• **EXERCISE AIM**: Pictures are to be omitted. Output only the lines from the one containing "Состав: Тесто дрожжевое, зеленый лук, яйцо." through the end of the data, word for word.

[Collected data entries]
##########

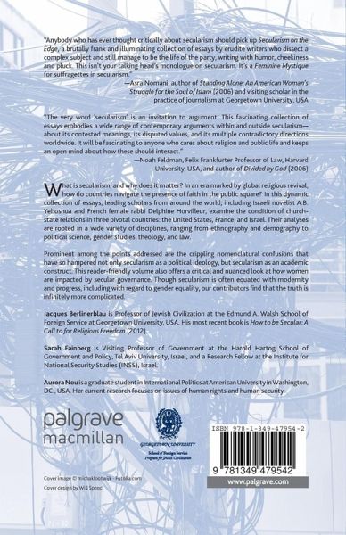 I. INTRODUCTION: SECULARISM ON THE EDGE Jacques Berlinerblau, Georgetown University II. PART ONE: CONTEMPORARY CHALLENGES TO AMERICAN SECULARISM 1. Is America a Christian nation or a secular nation?, John Fea and Jacques Berlinerblau 2. Let the study of American secularisms begin!, Jacques Berlinerblau 3. The United States Supreme Court's Religion Clause jurisprudence, Caroline Mala Corbin 4. The vitality of soft secularism in the United States and the rise of the 'nones", Barry Kosmin 5. Secular America: Atheists, agnostics, and the religiously unaffiliated, Phil Zuckerman and Jacques Berlinerblau III. PART TWO: HILONIYUT: CURRENT LEGAL AND SOCIAL ISSUES 6. A self-restrained secularism? Halakhah and Sharia in contemporary Israel, Denis Charbit 7. The 'status quo': Old and new frontlines between hilonim and anti-hiloni forces in Israel?, Ilan Greilsammer 8. Israeli religious secularism, Anita Shapira IV. PART THREE: LAICITE IN A CULTURAL FRANCE 9. Post-war French Jewry facing laïcité in a multicultural France, Régine Azria 10. Laïcité and freedom of conscience in pluricultural France, Jean Baubérot 11. Laïcité as a background of emancipation, Henri Pena-Ruiz V. PART FOUR: WOMEN AND SECULARISM: PROBLEMS AND POSSIBILITIES 12. Freedom of choice: Women and demography in Israel, France, and the United States, Ariela Keysar 13. In the eyes of patriarchal religion, all women are secular: What can we learn from this?, Susan Thistlethwaite 14. Religious divorce and civil divorce for Jewish and Muslim women in Canada: A comparative approach, Pascale Fournier VI. CONCLUSION: THE SECULAR PROSPECT, Sarah Fainberg and Aurora Nou
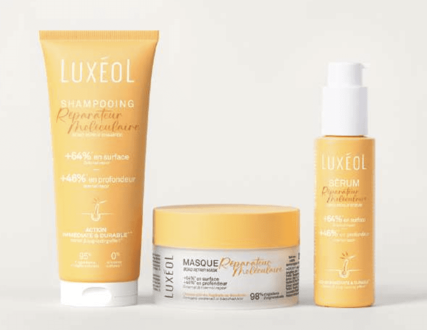 Pour répondre aux 70 % de femmes déclarant avoir les cheveux abîmés, Luxéol lance un protocole en 3 étapes (Shampooing, Masque, Sérum) sans silicones. Grâce à l’extrait de graines de chia et d’écorce de pin, la gamme promet une double réparation : 64 % en surface et 46 % en interne. On adore son parfum solaire (fleur de tiaré, prune, musc blanc). Shampooing 22,90 €, Masque 34,90 €, Sérum 39,90 €. Dispo en parapharmacies et sur luxeol.com
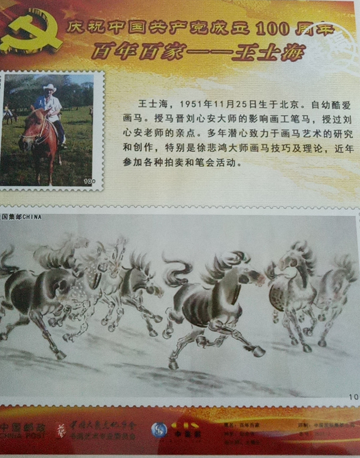 几十年已有数千张作品被民间收藏,市面发行的邮政邮票马图案也是本人提供的画稿,近年参加国内外拍卖活动,多幅作品被海外人士收藏,多次为企业家创作大幅八俊图。
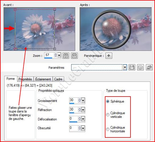 3 - La boîte de dialogue Loupe dispose de quatre onglets : Forme, Propriétés, Éclairement et Cadre
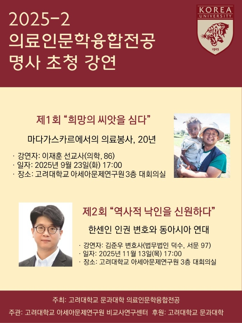 고려대학교 아세아문제연구원에서 개최하는 의료인문융합전공 제1회 명사초청 강연 관련 안내드립니다.
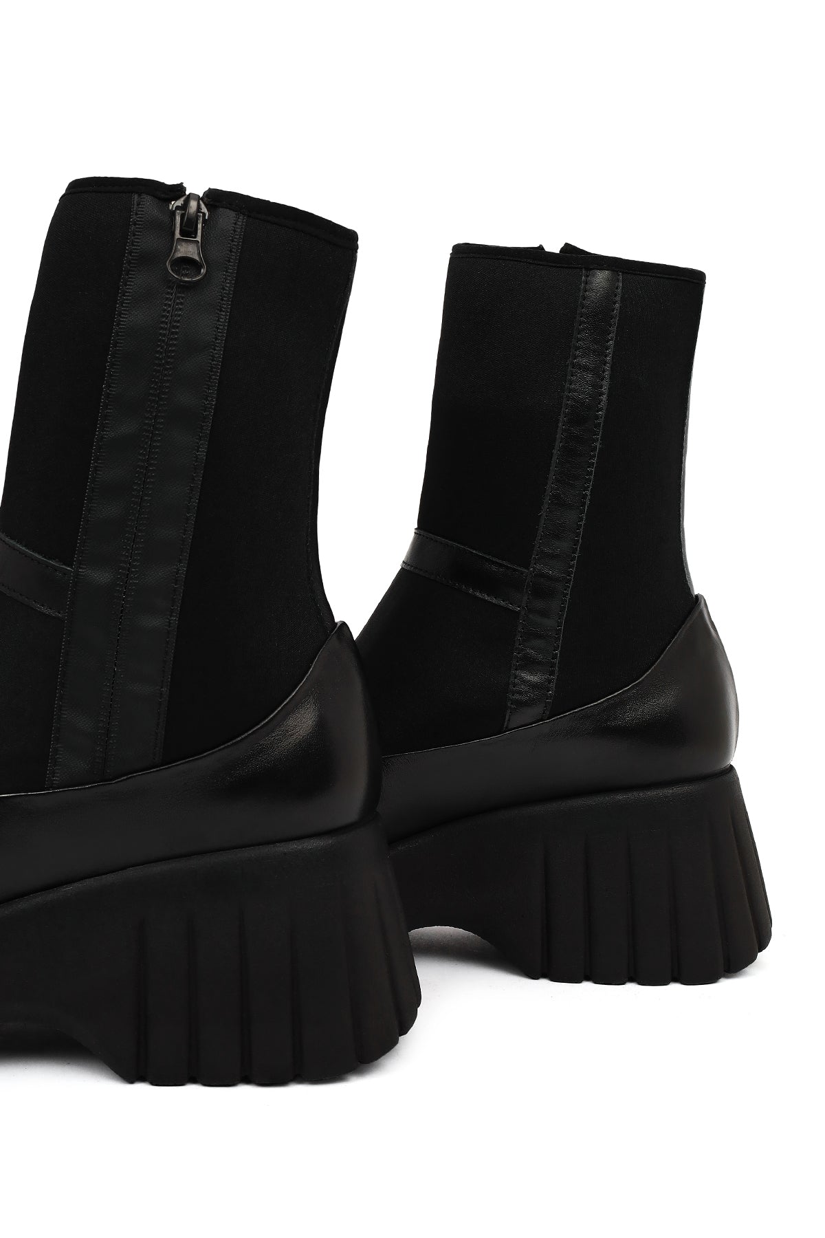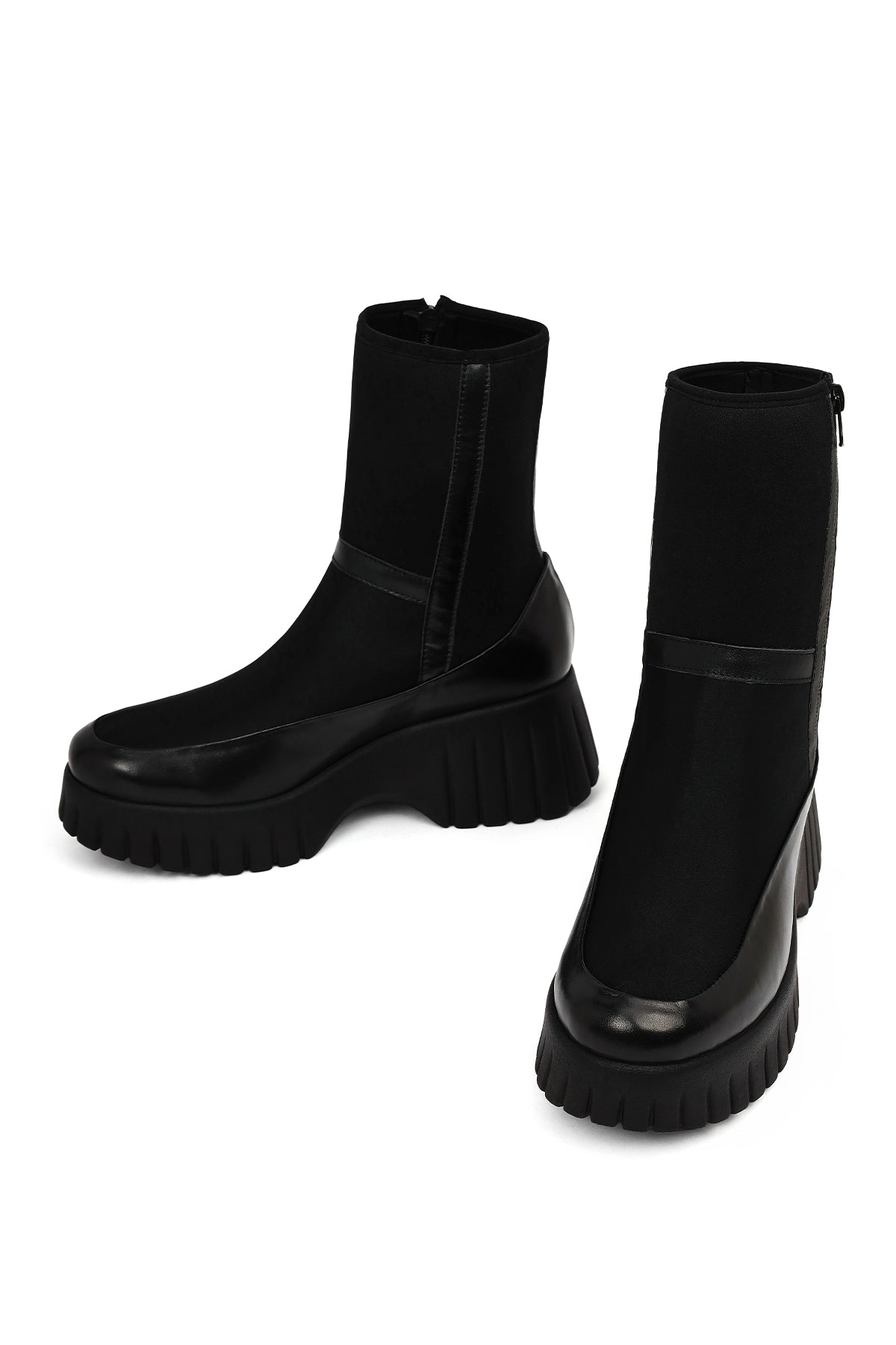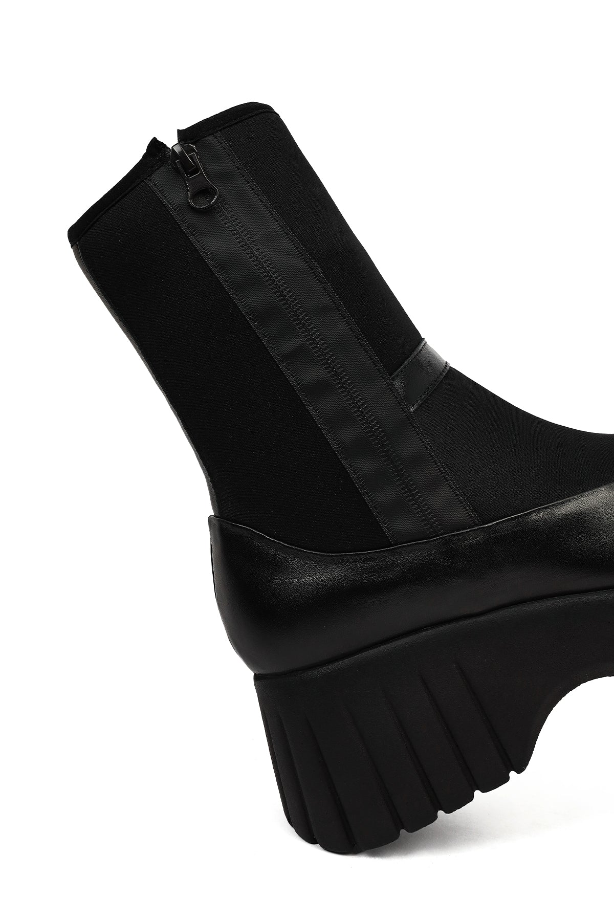 Kadın Siyah Fermuarlı Kalın Tabanlı Deri Bot
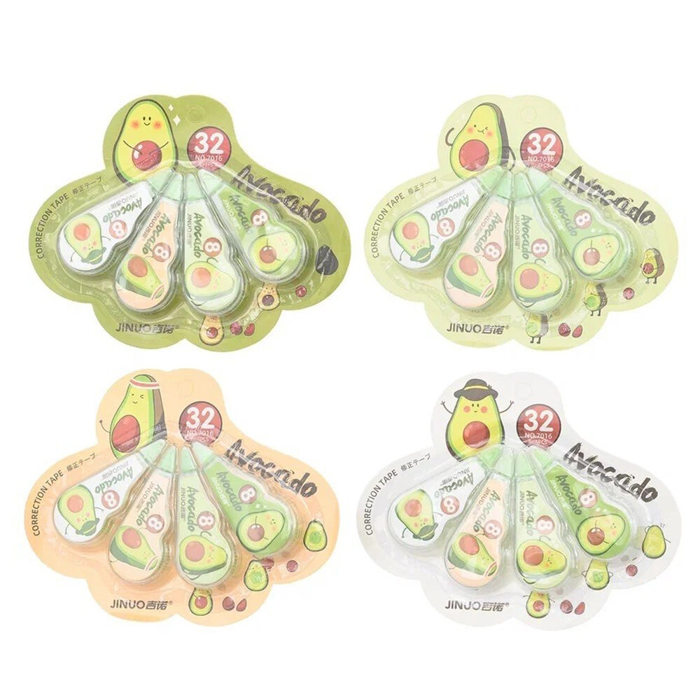 Ленточные корректоры JINUO "Авокадо" 4 шт по 5 метров, набор сухих корректирующих лент, замазка в разноцветном корпусе информация:
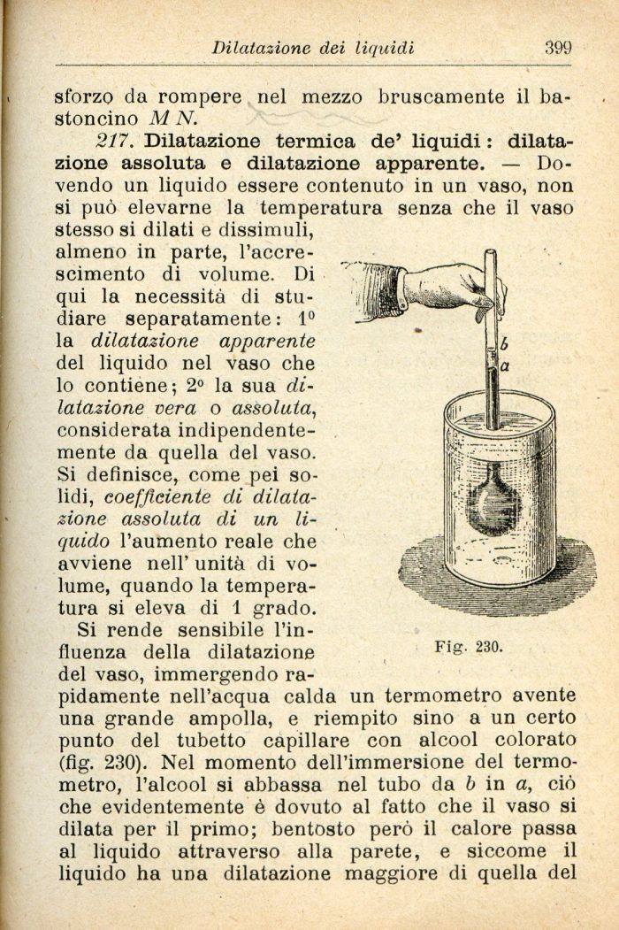 Si rende sensibile l'influenza della dilatazione Flg' 230-del vaso, immergendo rapidamente nell'acqua calda un termometro avente una grande ampolla, e riempito sino a un certo punto del tubetto capillare con alcool colorato (flg. 230). Nel momento dell'immersione del termometro, l'alcool si abbassa nel tubo da b in a, ciò che evidentemente è dovuto al fatto che il vaso si dilata per il primo; bentosto però il calore passa al liquido attraverso alla parete, e siccome il liquido ha una dilatazione maggiore di quella del
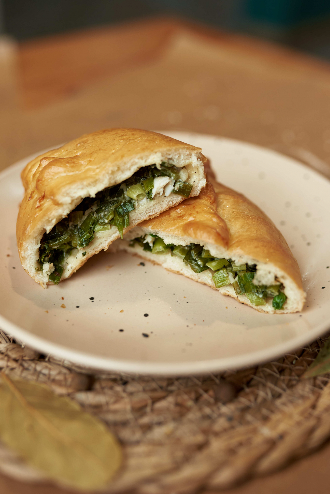 Состав: Тесто дрожжевое, зеленый лук, яйцо.
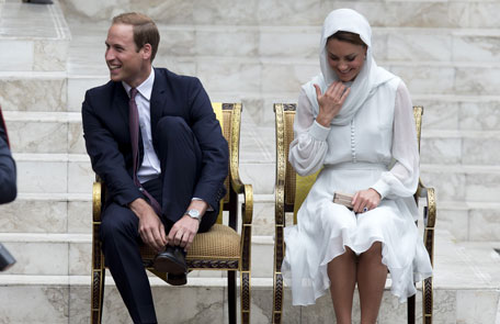 Prince William (centre R) and his wife Catherine, the Duchess of Cambridge (centre L) visit a mosque at KLCC in Kuala Lumpur. (AFP)

##########

• **EXERCISE RESPONSE**:
 Состав: Тесто дрожжевое, зеленый лук, яйцо.
 Prince William (centre R) and his wife Catherine, the Duchess of Cambridge (centre L) visit a mosque at KLCC in Kuala Lumpur. (AFP)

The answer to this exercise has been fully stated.